--- GIVEN DATA Enclosed Below ---

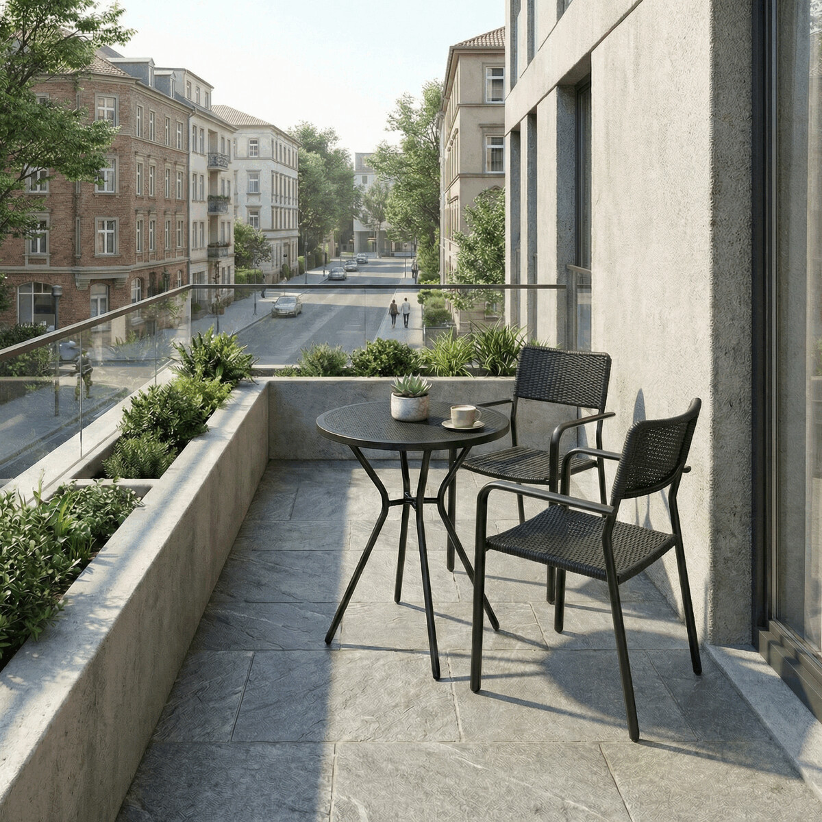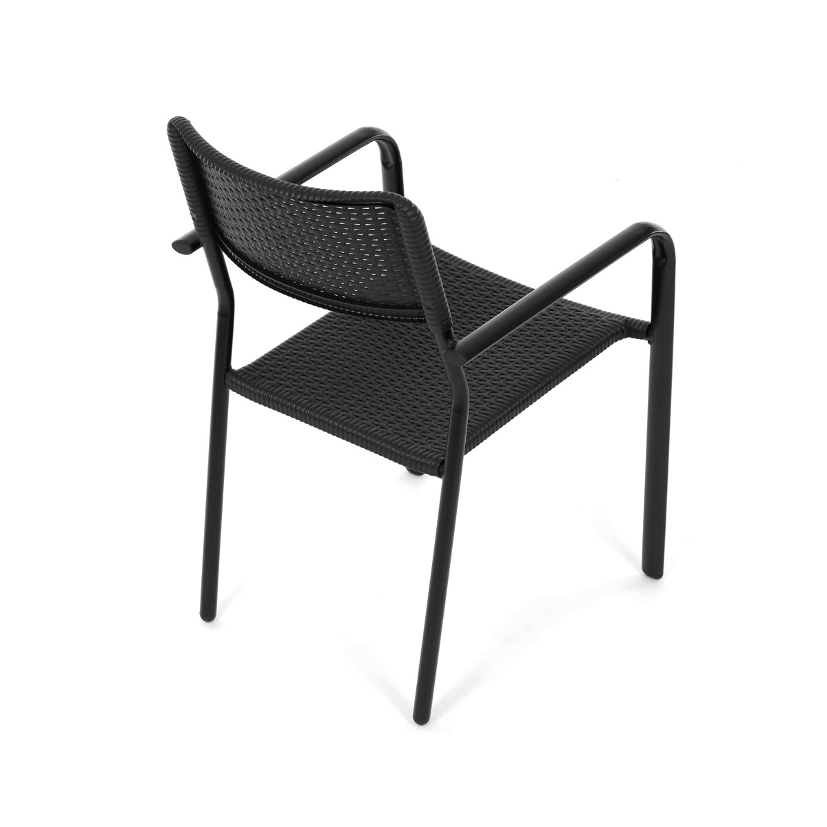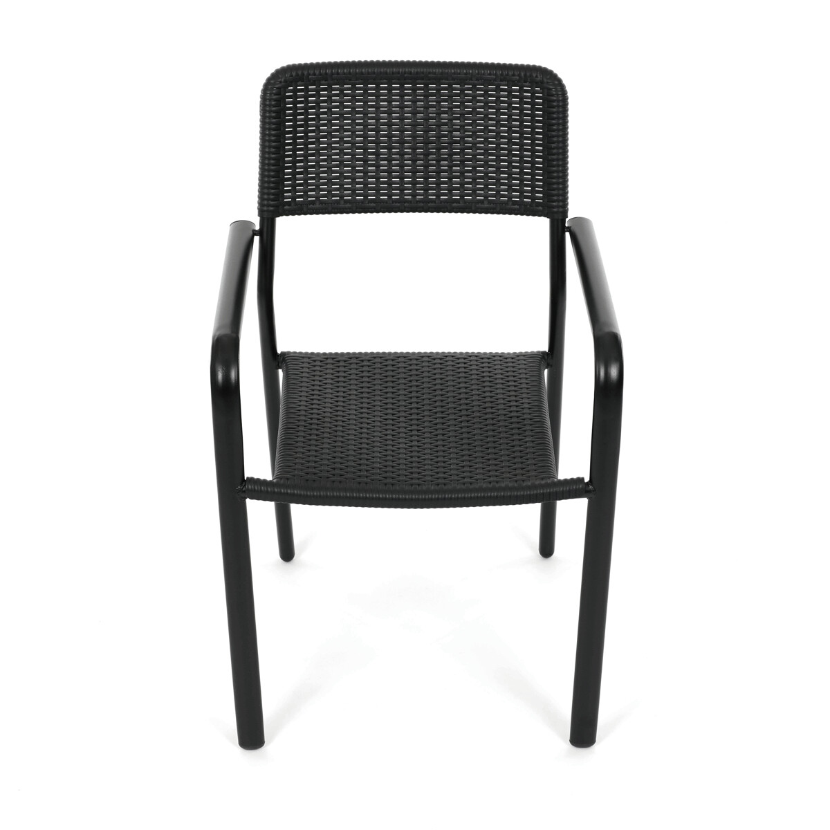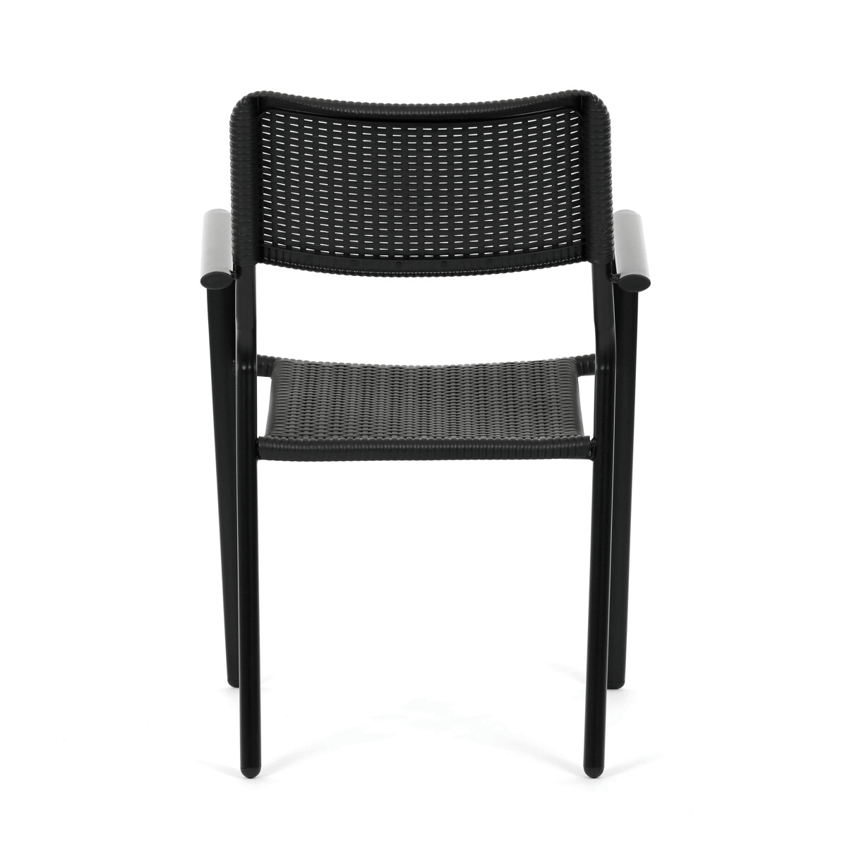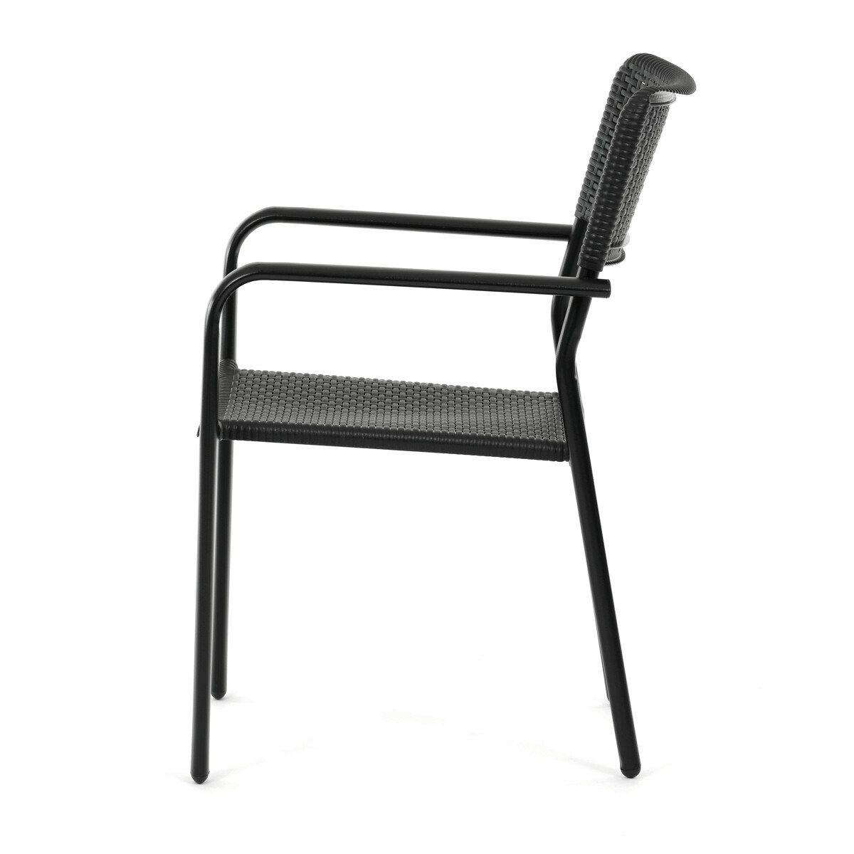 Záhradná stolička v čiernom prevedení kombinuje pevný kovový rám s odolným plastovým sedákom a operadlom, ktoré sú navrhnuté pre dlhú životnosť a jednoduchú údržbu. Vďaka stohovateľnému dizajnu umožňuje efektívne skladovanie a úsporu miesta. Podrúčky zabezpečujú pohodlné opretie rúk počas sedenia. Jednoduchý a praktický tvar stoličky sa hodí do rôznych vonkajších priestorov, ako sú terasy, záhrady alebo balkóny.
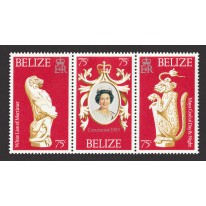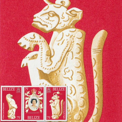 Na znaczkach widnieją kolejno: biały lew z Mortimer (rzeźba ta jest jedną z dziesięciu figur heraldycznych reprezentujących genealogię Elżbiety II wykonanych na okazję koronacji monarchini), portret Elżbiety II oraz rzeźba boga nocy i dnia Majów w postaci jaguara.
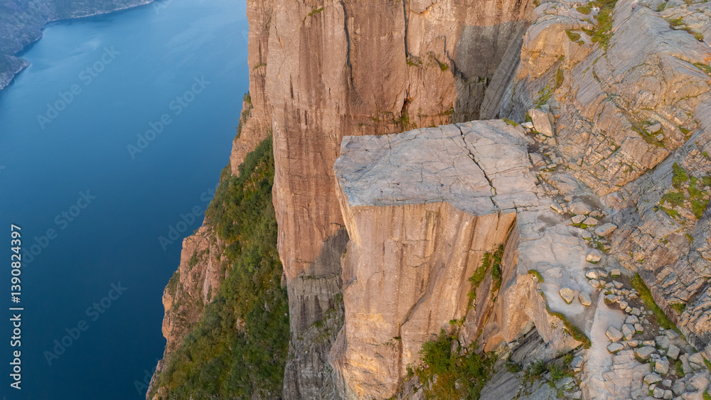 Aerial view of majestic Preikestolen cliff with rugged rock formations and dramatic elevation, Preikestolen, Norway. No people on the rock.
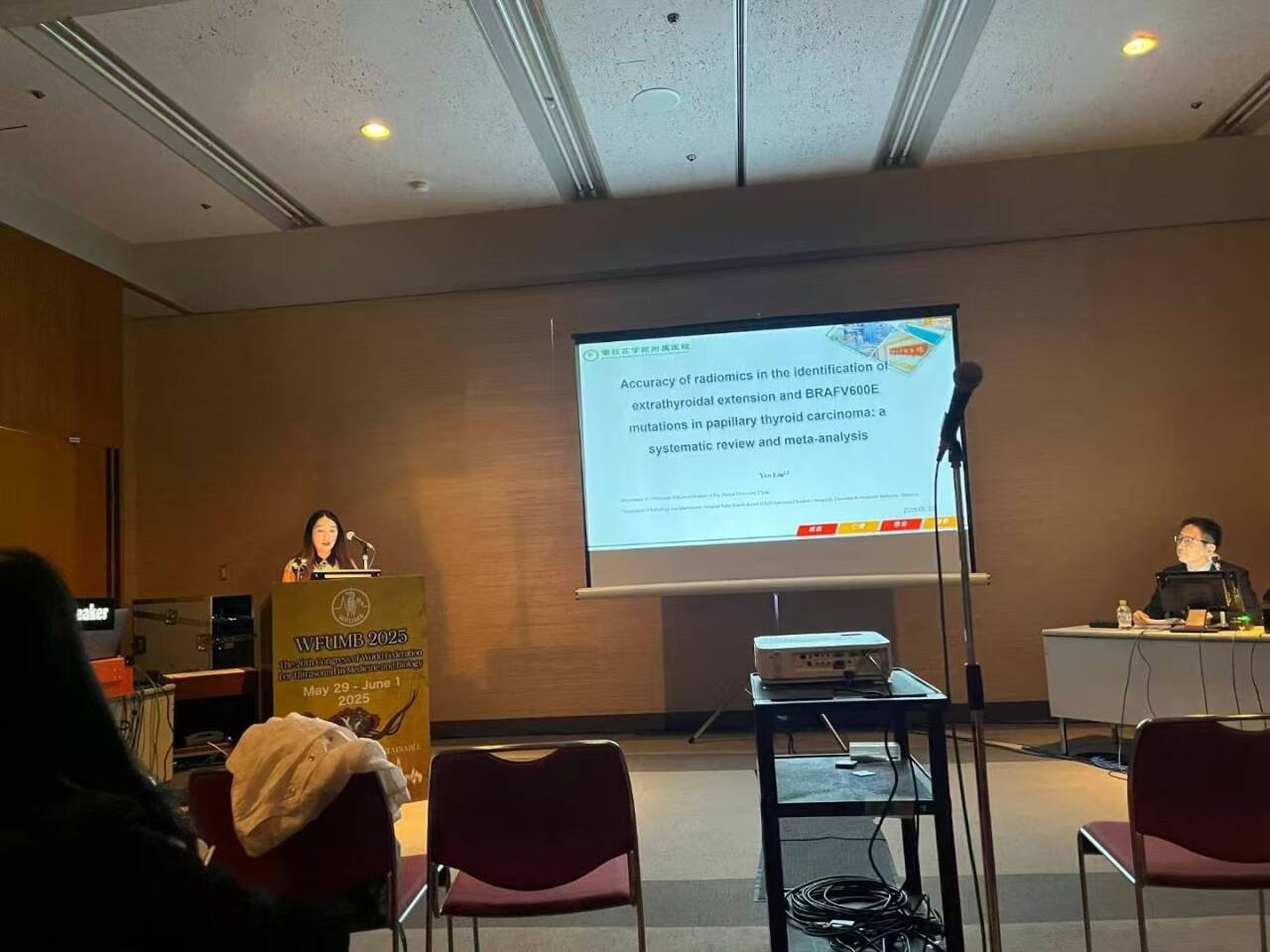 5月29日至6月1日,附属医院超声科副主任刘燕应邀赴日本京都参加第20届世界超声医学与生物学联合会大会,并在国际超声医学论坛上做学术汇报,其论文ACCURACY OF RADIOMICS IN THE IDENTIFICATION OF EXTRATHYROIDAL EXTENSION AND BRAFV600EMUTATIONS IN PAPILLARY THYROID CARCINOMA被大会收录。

--- End of Enclosed GIVEN DATA ---

> _PROBLEM DESCRIPTION_: Please reproduce the listing exactly from its opening line through the line that contains "Aerial view of", both included, with all pictures omitted.

> _PROBLEM SOLUTION_:
 Záhradná stolička v čiernom prevedení kombinuje pevný kovový rám s odolným plastovým sedákom a operadlom, ktoré sú navrhnuté pre dlhú životnosť a jednoduchú údržbu. Vďaka stohovateľnému dizajnu umožňuje efektívne skladovanie a úsporu miesta. Podrúčky zabezpečujú pohodlné opretie rúk počas sedenia. Jednoduchý a praktický tvar stoličky sa hodí do rôznych vonkajších priestorov, ako sú terasy, záhrady alebo balkóny.
 Na znaczkach widnieją kolejno: biały lew z Mortimer (rzeźba ta jest jedną z dziesięciu figur heraldycznych reprezentujących genealogię Elżbiety II wykonanych na okazję koronacji monarchini), portret Elżbiety II oraz rzeźba boga nocy i dnia Majów w postaci jaguara.
 Aerial view of majestic Preikestolen cliff with rugged rock formations and dramatic elevation, Preikestolen, Norway. No people on the rock.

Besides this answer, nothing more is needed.